Teil 1.1 – First time in Tokyo-Shibuya (Sommer 2017)

Wie die Überschrift schon sagt, war ich zum aller erste Mal (22.08.2017) in Tokyo-Shibuya. In meiner ersten Reise 2009 und in meinem 10 monatigen Aufenthalt 2014/2015 in Japan habe ich es irgendwie nicht geschafft mir Shibuya anzuschauen. Warum will man überhaupt nach Shibuya? Das kann ganz verschiedene Gründe haben, einerseits besuchen Reisende Shibuya um shoppen zu gehen oder eins der vielen Restaurants/Cafes aufzusuchen. Die anderen wichtigen Gründe sind eine der größten Hauptkreuzung zu überqueren und zu sehen und sich einmal die Hunde-Statue „Hachiko“ anzusehen.

Für mich persönlich war es wichtig einmal die große Hauptkreuzung zu sehen und mit dem ganzen Menschenstrom diese zu überqueren. Ich habe zwar nie den Film gesehen, aber die Geschichte vom treuen Hund „Hachiko“ müsste fast jedem bekannt sein. Deshalb wollte ich sie mir unbedingt mal anschauen. Die Hunde-Statue ist außerdem ein beliebter Treffpunkt, um sich mit Freunde zu verabreden. Zum Abschluss noch ein paar Bilder und ein Video von Shibuya 😀

 

Rathaus Shinjuku und Akasaka Palast

Da der Prüfungsstress vorbei ist kommt wieder ein Eintrag 🙂

Bei diesem Eintrag geht es um Montag, den 27.07.2015. Ich wusste nicht wirklich was ich an diesem Tag unternehmen sollte, da alles was mit Kultur zu tun und mich interessiert geschlossen hatte 😦

Also musste ich mir was anderes überlegen, da ich noch nie in Shinjuku war, machte ich mich auf den Weg, um auf die kostenlose Aussichtsplattform des Shinjuku Rathauses zu gelangen. Von Akasaka nach Shinjuku ist es ein kurzer Weg mit der Bahn. Am Bahnhof Shinjuku musste ich zum West-Ausgang.  In Richtung Westen befinden sich das Rathaus von Shinjuku und Wolkenkratzer. Um den Bahnhof Shinjuku befinden sich viele Einkaufsmöglichkeiten und Restaurants. Wenn man Richtung Nordosten geht, erreicht man das größte Rotlichtviertel Japans (Kabukicho).

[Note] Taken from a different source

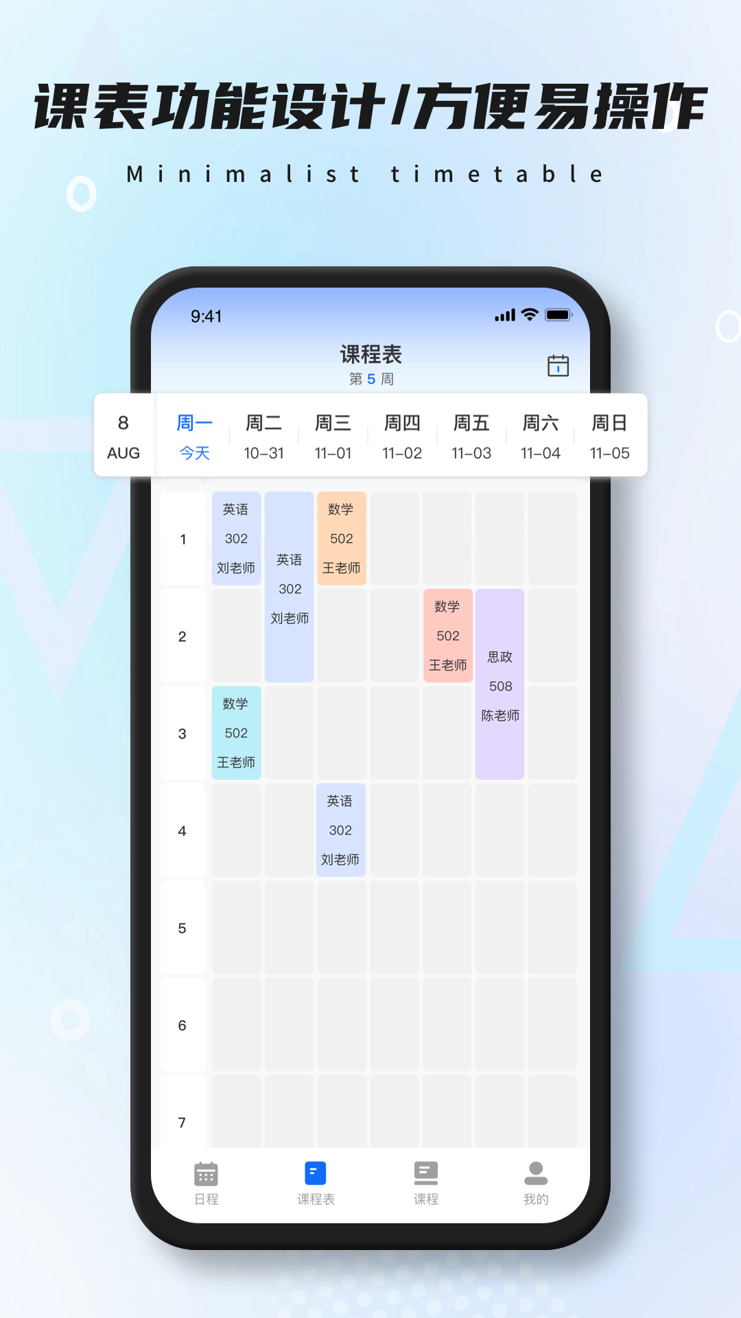 始终坚持极简风格,并支持大学生、研究生、教师一键导入课表 为广大师生提供一个功能强大的课程表app,特别受大学生同学喜爱,适配高校的课程导入 拥有丰富的自定义设置 打造专属自己的个性课表 愿每个用户都可以轻轻松松制作一个属于自己的课程表

Am Rathaus angekommen musste ich eine Etage nach unten gehen und dann durch eine Sichheitskontrolle. Dann ging es mit einem Fahrstuhl ganz nach oben. Dadurch das es kostenlos war kann man das definitiv machen, aber man sollte nicht zu viel ertwarten. Es wirkt alles schon ein bisschen älter und der Ausblick ist zwar immer noch schön, aber da würde eher den Tokyo Tower empfehlen. Wie der Ausblick auf den Skytree ist kann ich nicht beurteilen, aber da müsste ich auch noch rauf 😀

Danach hatte ich mich in ein Kaffee geflüchtet und eine Pause gemacht. Weiter ging es zu einem Park, von dort aus bin ich dann zu meinem Hotel gelaufen. Auf den Weg  dort hin entdeckte ich den Akasaka Palast, leider war die Anlage geschlossen und deshalb konnte ich nur ein paar Bilder von Aussen machen.

„Auf dem Gelände der ehemaligen Edo-Residenz der Kishu-Tokugawa entstand der neobarocke Togu-Palast, der heutige Akasaka-Palast. Seit Jahrzehnten dient er als Gästehaus der Regierung für ausländische Staatsoberhäupter und Regierungschefs und ist damit ein wichtiges Element in den diplomatischen Beziehungen des Landes.“

Am 28.07.2015, bin ich mit dem Shinkansen wieder zurück nach Kobe gefahren. Angekommen musste ich langsam mein Zimmer im Studendenwohnheim ausmissten und Pakete nach Deutschland senden, da ich niemals alles in meine Koffer bekommen hätte. Damit sind auch meine letzten Tage in Japan angebrochen, aber dazu mehr in einem anderen Beitrag 🙂

 

Kaiserpalast und Akihabara

Mal wieder ein Eintrag zu meinen Erlebnissen in Japan. An diesem Tag (26.07.2015) bin ich von meinem  Hotel in Tokyo-Akasaka zum Kaiserpalast mit der U-Bahn gefahren. Das Wetter war sehr schön, aber extrem heiß. Leider kommt man nicht direkt in Kaiserpalast oder auf das Gelände. In den Meisten Fällen muss man sich vorher anmelden. Also bin ich an der Burgmauer entlanggelaufen und habe mir die Gegend angeschaut. An dem Tag muss auch eine Sportveranstaltung stattgefunden haben, da ich sehr viele Jogger gesehen hatte. Mir ist schon beim Spazieren das Wasser runtergelaufen, so heiß war es in Tokyo 🙂

Die nächste Station an diesem Tag war Akihabara. Da meine zwei Kopfhörer den Geist aufgegeben haben, hatte ich mir ein paar einfache Kopfhörer gekauft. Als das erledigt war, habe ich mir Akihabara genauer angeschaut. An diesem Tage war auch die komplette Hauptstraße gesperrt. Dadurch hat es sich nicht so voll angefühlt. Dieser Ort ist der perfekte Ort, wenn man gebrauchte/alte Spiele sucht. Aber auch alte Konsolen wie NES, SNES und Konsolen von denen ich noch nie gehört habe, konnte man dort finden. Außerdem war ich in einer der SEGA Arkaden, um ein paar Videospiele auszuprobieren. Wenn man schon dort ist, sollte man es unbedingt ausprobieren und es gibt eine Klimaanlage ^^

Zum Abschluss der Tagestour und den Abendessen, hatte ich mir Akasaka noch etwas genauer angeschaut.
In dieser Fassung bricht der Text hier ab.